Di fronte a noi è la sfida se dobbiamo o no rimanere un Paese moderno nella sua economia e continuare ad appartenere alla civiltà occidentale, sebbene anch’essa in crisi. Due punti legati tra di loro e irrinunciabili che occorre coniugare secondo i nuovi tempi a partire dal tema del lavoro.
Oggi più di prima, infatti, occorre rimetterlo al centro e, senza demagogia ma con realismo, affrontare le sfide che esso contiene, a partire dalla sua contrazione in termini di occupazione. Una sfida ineludibile per noi se vogliamo dare attuazione alla Carta Costituzionale che si apre con questo tema.
Certo è che in questi mesi abbiamo sperimentato quanto sia urgente investire in infrastrutture ad alto contenuto tecnologico. La cifra della distanza tra noi e gli altri paesi europei è tutta qui accanto a quella degli investimenti nella sanità, o meglio nella salute.

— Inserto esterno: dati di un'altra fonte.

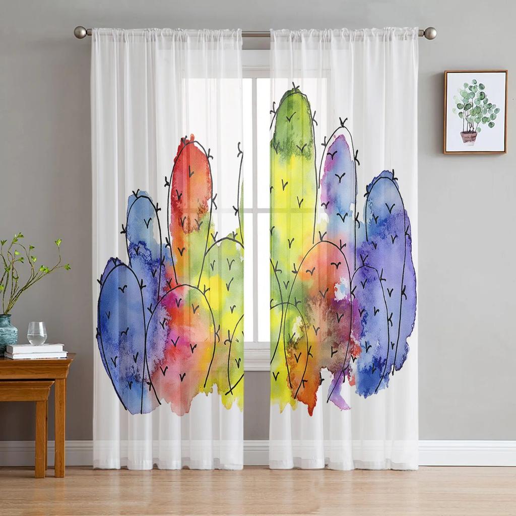 Watercolor Lines Cactus Chiffon Sheer Curtains For Living Room Home Decoration Window Voile Tulle Curtain Drapes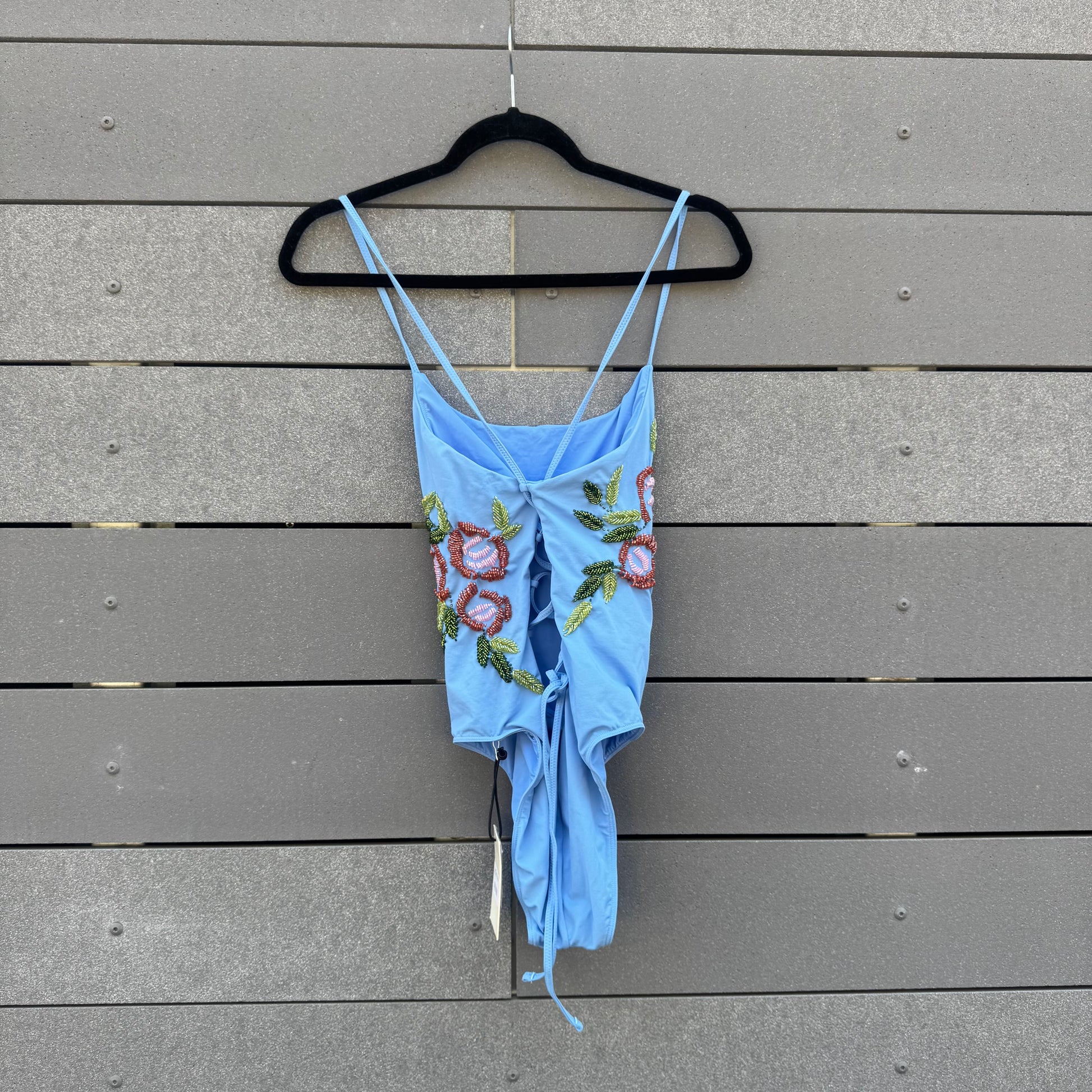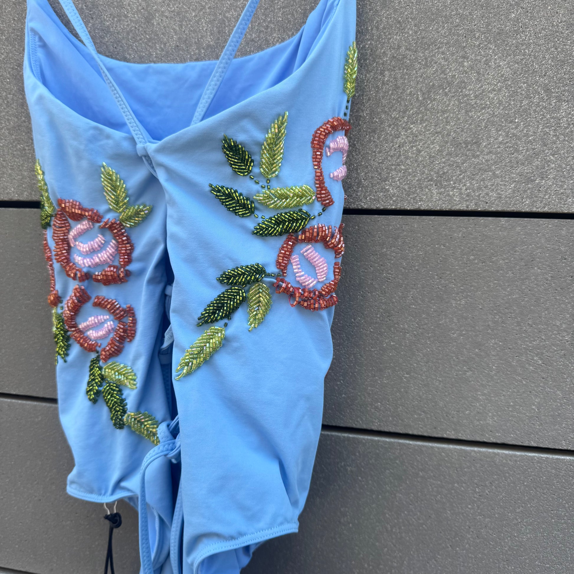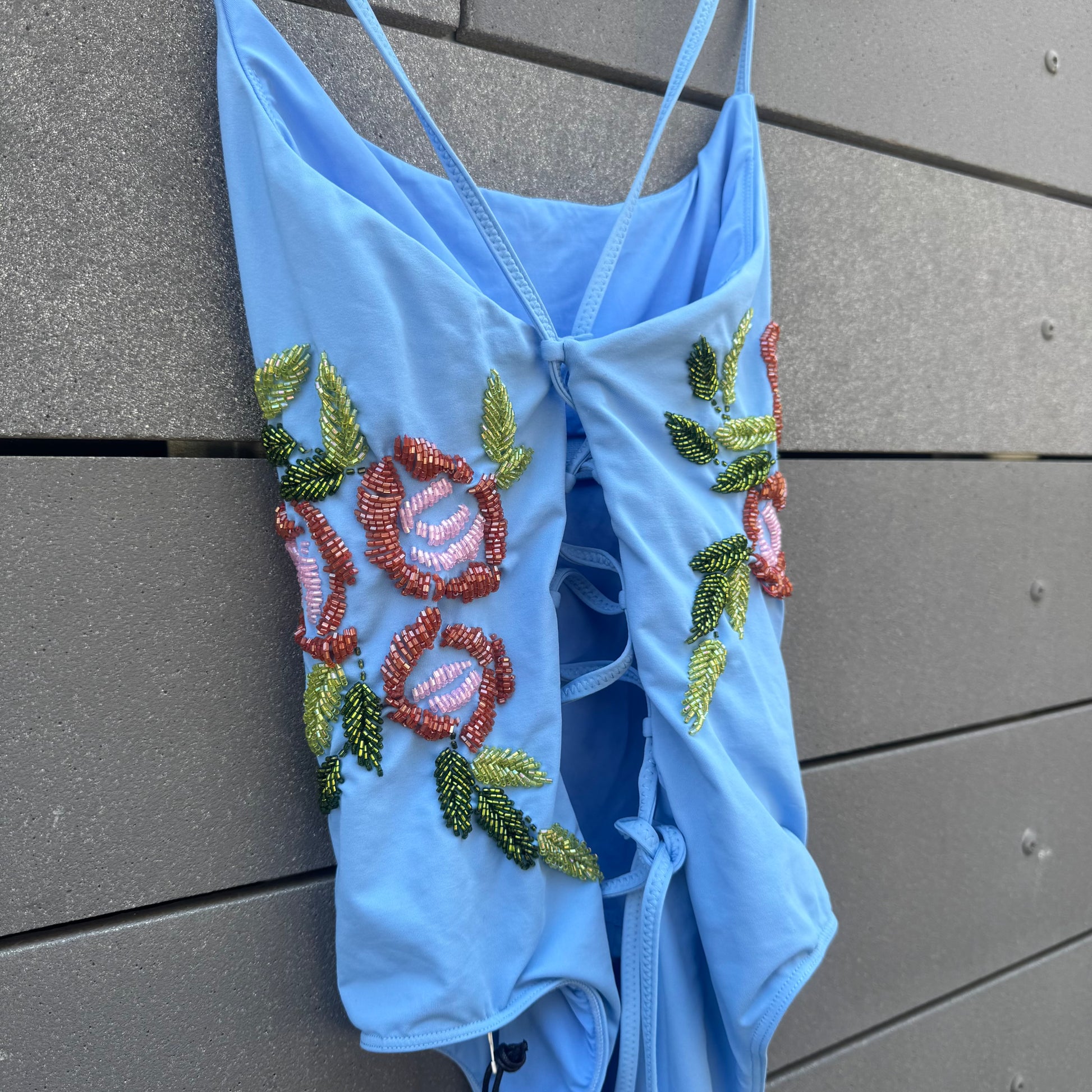 Beaded glass floral embellishmentsAdjustable shoulder straps and lace-up back.

E poi ci sono le tante opere di manutenzione di cui il nostro Paese ha bisogno che vanno dalla mobilità – settore anch’esso strategico – alla riqualificazione urbana delle periferie, alla creazione di smart city, ect.
Dopo decenni di esasperato individualismo, in questi giorni riscopriamo il valore della solidarietà, di essere vicino a coloro che non ce la fanno, e sono tanti, o a chi abita accanto a noi e si trova in uno stato di necessità. Anche i media ci propongono, utilizzando il loro linguaggio subliminale, quanto detto da Papa Francesco di recente ricordando un detto africano “sei vuoi andare veloce, corri da solo; se vuoi andare lontano, vai insieme”

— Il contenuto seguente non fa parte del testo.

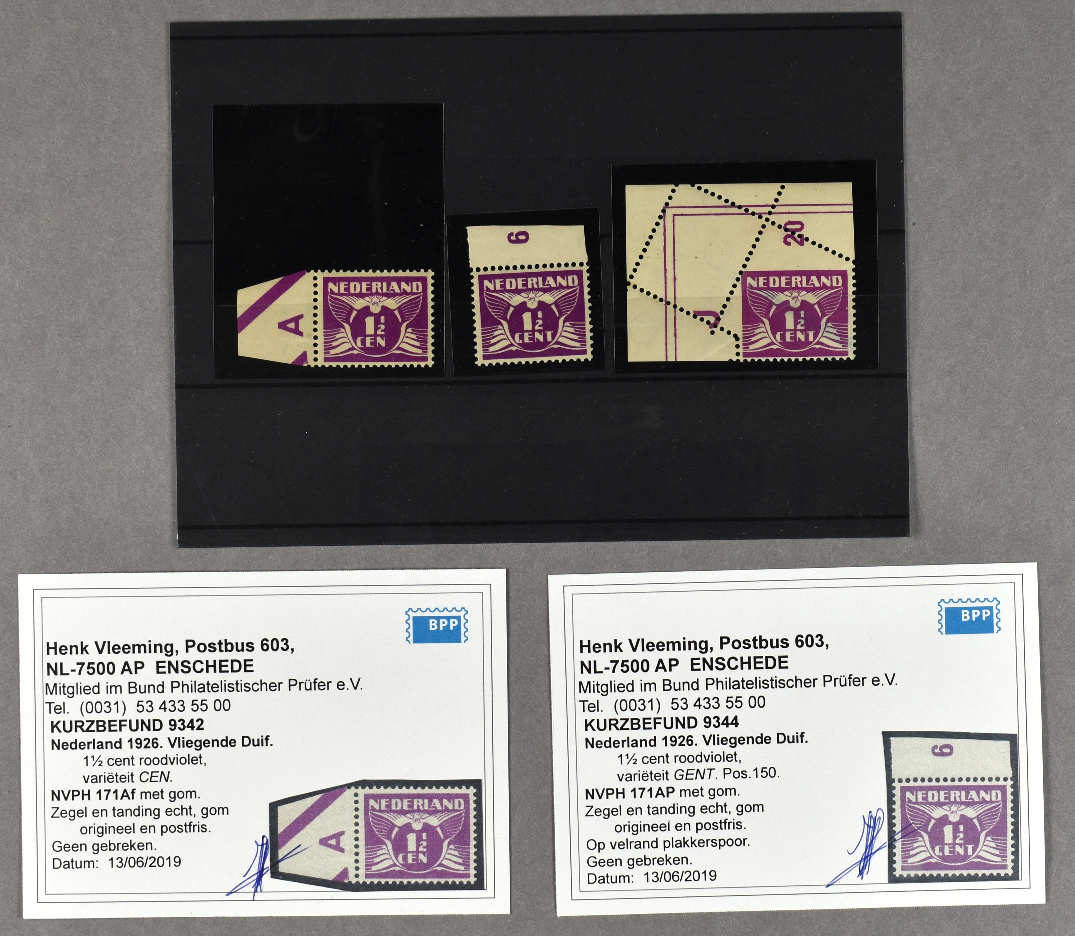 171var., 1½ cent roodviolet met de variëteiten: CEN (171Af), Gent (171AP) alsmede 1 exemplaar met hoekvelrand met volledige misperforatie. Alle postfrisse prachtex. en met 2 attesten Vleeming (2019) Tax. € 150 (Image) (Image2)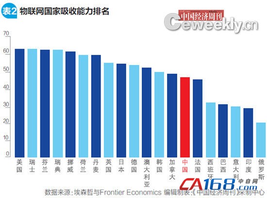 就物联网国家吸收能力而言,目前尚没有一个国家达到满分。也就是说,每个国家都具有提升空间。在国家吸收能力指数榜单中,中国位居第14位(见表2)——为了赶超美国、德国和日本,中国还需做出巨大努力。

All’orizzonte appare forte dunque l’esigenza di avere una società più inclusiva, per tanti, se non vogliamo rischiare di avere un paese più povero e fragile socialmente.
Per affrontare e dare una soluzione a questi temi che richiedono scelte importanti e impegnative occorre creare le condizioni. Nasceranno da questo confronto sia le risposte più adeguate ad affrontare le tante difficoltà che la capacità di governare un periodo di grande trasformazione. Un tempo impegnativo quello che abbiamo già e che verrà in cui la cifra dell’amore per propria patria e l’umanità sarà data dalla capacità, innanzitutto, di fare bene ciò che stiamo facendo [L’articolo di Moro su La ricostruzione].

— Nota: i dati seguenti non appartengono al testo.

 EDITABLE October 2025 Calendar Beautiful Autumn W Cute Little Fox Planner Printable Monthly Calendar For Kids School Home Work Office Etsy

Non sfugge che per realizzare tutto questo occorre avere una maggioranza che non basti a se stessa, come fece De Gasperi, ma ricostruisca il Paese e l’Europa che in questo momento ha bisogno di noi e non solo perché ne abbiamo la responsabilità con Gentiloni e Sassoli alla guida di importanti istituzioni, ma perché senza sarebbe semplicemente meno.